Research on Ictclas Word segmentation system (I.)

Source: Internet
Author: User

Ictclas Word system is by the Chinese Academy of Sciences Zhang Huaping, Liu Qun developed a set of widely praised the word segmentation system, it is commendable that this version of the free version of the source code, for many of our beginners to provide valuable learning materials.

But one thing that's not perfect is that the source code does not have a supporting document, reading may have some obstacles, especially for C + + people who are not familiar with. I have been using JAVA/VB as the main development of the language, C + + when the university has learned, but after work has not been used, Grammar or something almost completely forgotten. But the language of this thing, the basic things are interlinked, and Java is also in C + + based on the formation of a certain similarity. Read through the source code, the main syntax should be no problem.

Although there is no complete documentation in the Ictclas system, we can look through some of the relevant papers published by Zhang Huaping and Liu Qun, or we can pry into the main ideas.

The main idea of the word segmentation system is to CHMM (Cascade Markov Model) for word segmentation, through layering, not only increase the accuracy of word segmentation, but also ensure the efficiency of participle. It is divided into five layers, as shown in the following figure:

Basic idea: First atom segmentation, and then on the basis of the N-Shortest path rough segmentation, to find the first n most consistent with the segmentation results, generate two-yuan word list, and then the results of the component Word, then the POS tagging and completion of the main word segmentation steps.

The following is a study of the main contents of the source code:

1. First of all, the Ictclas word breaker first calls Cictclas_windlg::onbtnrun () Start the execution of the program. And it can be seen from the processing method is the source string segmentation processing. And before participle, completes the dictionary loading process, namely generates the M_ictclas object to call the constructor to complete the dictionary library loading. For the analysis of dictionary structure, please take part in the study of Word segmentation system (II.).

void Cictclas_windlg::onbtnrun ()
{

......

Place word and POS markers here

if (!m_ictclas. Paragraphprocessing ((char *) (LPCTSTR) m_ssource,sresult))
M_sresult.format ("Error: Program initialization exception.") ");
Else
M_sresult.format ("%s", sresult);/output final participle result

......

}

2. In the Onbtnrun () method calls the segmentation processing method bool Cresult::P aragraphprocessing (char *sparagraph,char *sresult) Complete the whole process of participle, It includes the POS callout of the participle. The first argument is the source string, and the second is the string after the participle. In these two methods is complete the whole word processing process, the following need to know is in this method, how to call other methods step-by-step according to the above diagram of the analysis framework to complete the word segmentation process. For simplicity's sake, let's not do the analysis of the unregistered word.
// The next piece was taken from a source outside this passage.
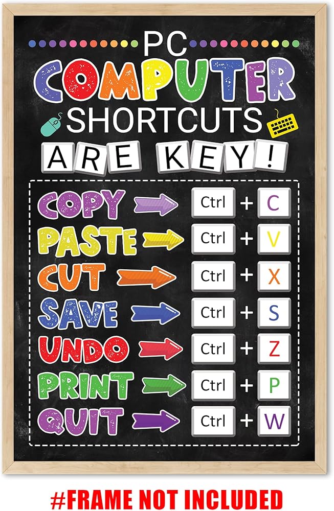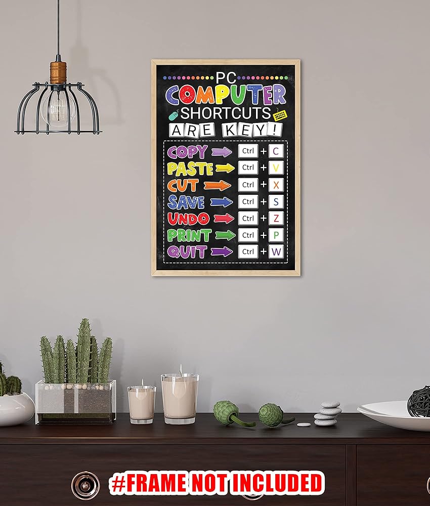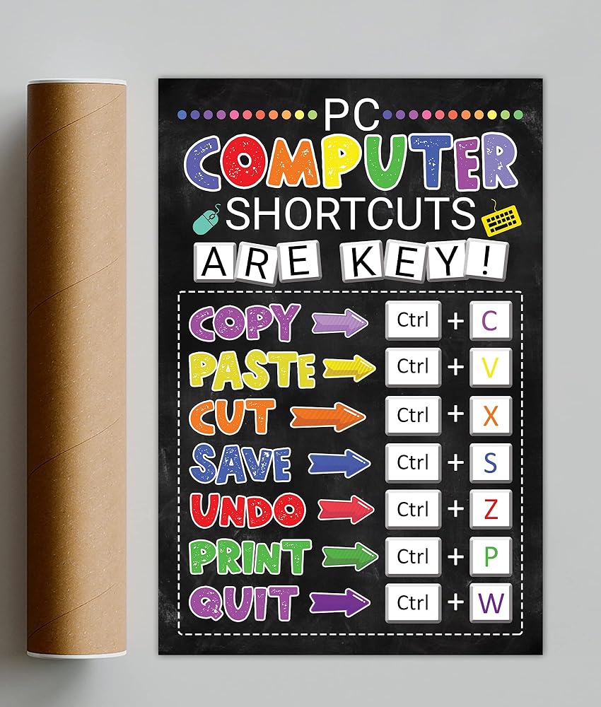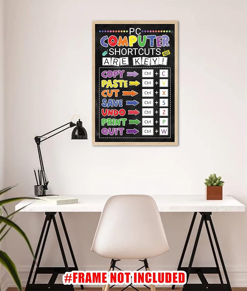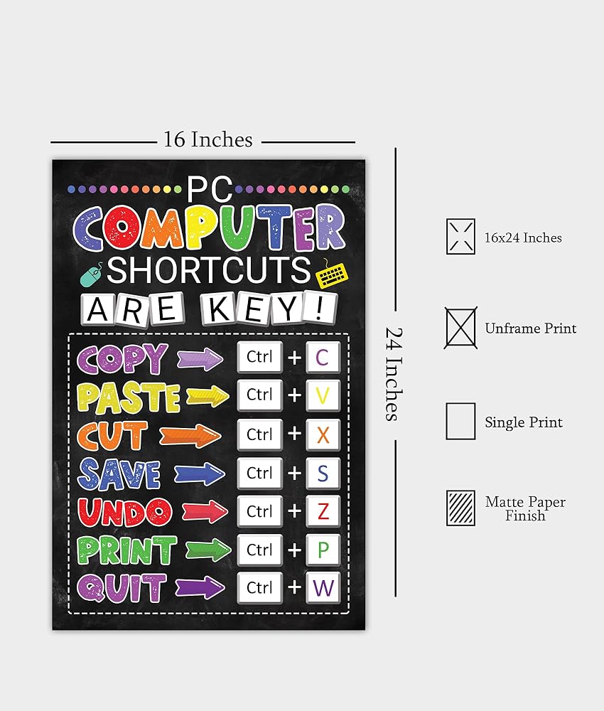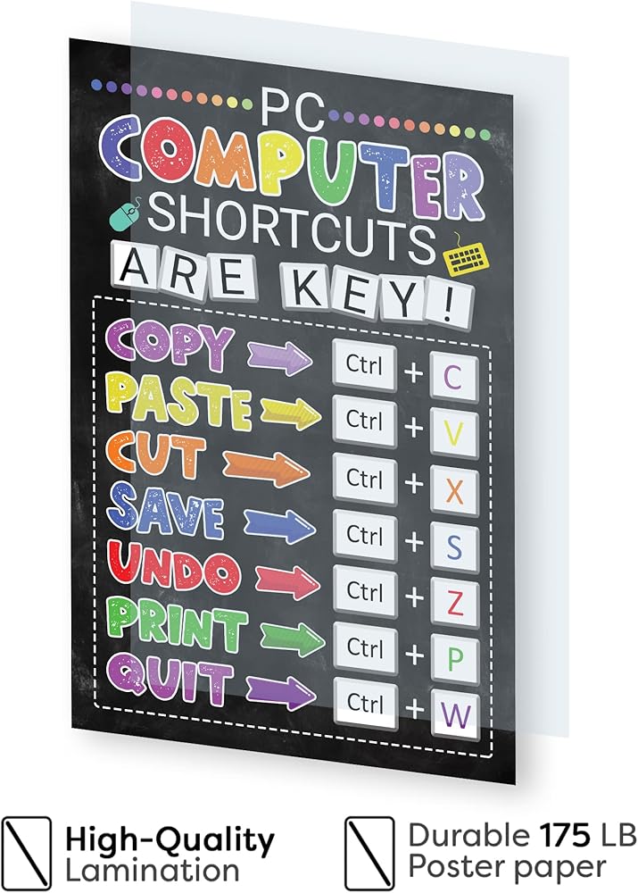 ✅ مع رسومات واضحة وموجزة، يتيح لك ملصق اختصار مختبر الكمبيوتر أن تجد نفسك تتنقل عبر البرامج والتطبيقات في وقت قصير. سيكون لديك وصول سريع إلى جميع الاختصارات الضرورية، مما يوفر لك الوقت والطاقة. هذه هي الأداة المثالية لأي شخص، من الطلاب إلى المحترفين، الذين يتطلعون إلى زيادة مهاراتهم في الكمبيوتر وتحسين سير عملهم. بالإضافة إلى ذلك، فهي إضافة رائعة لأي مكتب أو فصل دراسي.

Paragraph Segment and POS Tagging
BOOL Cresult::P aragraphprocessing (char *sparagraph,char *sresult)
{

........

Processing (ssentence,1); Processing and output The result of current sentence.
Output (M_presult[0],ssentenceresult,bfirstignore); Output to the imediate result

.......

}

3. The main word segmentation is in the processing () method, which occurs in the following we have further analysis of it.

BOOL Cresult::P rocessing (char *ssentence,unsigned int ncount)
{

......

To carry out a two-prong participle

M_seg.bisegment (Ssentence, M_dsmoothingpara,m_dictcore,m_dictbigram,ncount);

......

Place a POS callout here

M_postagger.postagging (M_seg.m_pwordseg[nindex],m_dictcore,m_dictcore);

......

}

4. Now we first ignore the POS tagging, focus on the binary participle, because this is the first step of the two key steps of participle.

Reference articles:

1.<< based on cascading implicit Ma Mo-type Chinese lexical analysis >> Liu Qun Zhang Huaping, etc.

2.<< >> of Chinese words based on the n-Shortest path; Zhang Huaping Liu Qun

Contact Us

The content source of this page is from Internet, which doesn't represent Alibaba Cloud's opinion; products and services mentioned on that page don't have any relationship with Alibaba Cloud. If the content of the page makes you feel confusing, please write us an email, we will handle the problem within 5 days after receiving your email.

If you find any instances of plagiarism from the community, please send an email to: info-contact@alibabacloud.com and provide relevant evidence. A staff member will contact you within 5 working days.

A Free Trial That Lets You Build Big!

Start building with 50+ products and up to 12 months usage for Elastic Compute Service

  • Sales Support

    1 on 1 presale consultation

  • After-Sales Support

    24/7 Technical Support 6 Free Tickets per Quarter Faster Response

  • Alibaba Cloud offers highly flexible support services tailored to meet your exact needs.